Would you please set down, word for word, the lines from the one with "封面图片：省人民检察院检察长徐安到钟楼检察院视察指导工作" through the final line of the data below, omitting any pictures?
:: GIVEN INFORMATION ::
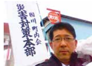
板倉の地すべり現場にて(H24.3.9)
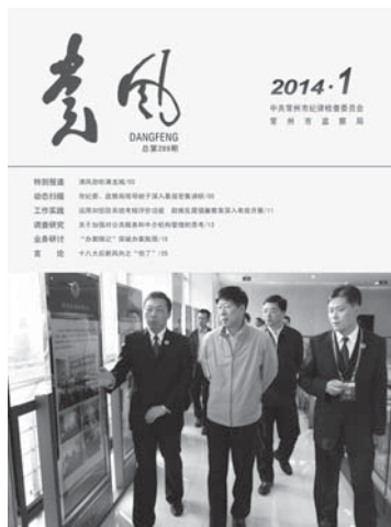
封面图片：省人民检察院检察长徐安到钟楼检察院视察指导工作
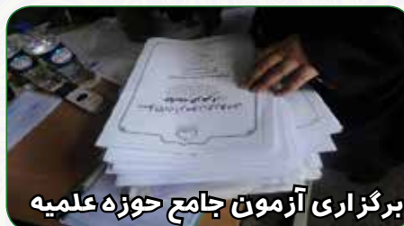
برگزاری آزمون جامع حوزه علمیه
:::
» ANSWER
封面图片：省人民检察院检察长徐安到钟楼检察院视察指导工作
برگزاری آزمون جامع حوزه علمیه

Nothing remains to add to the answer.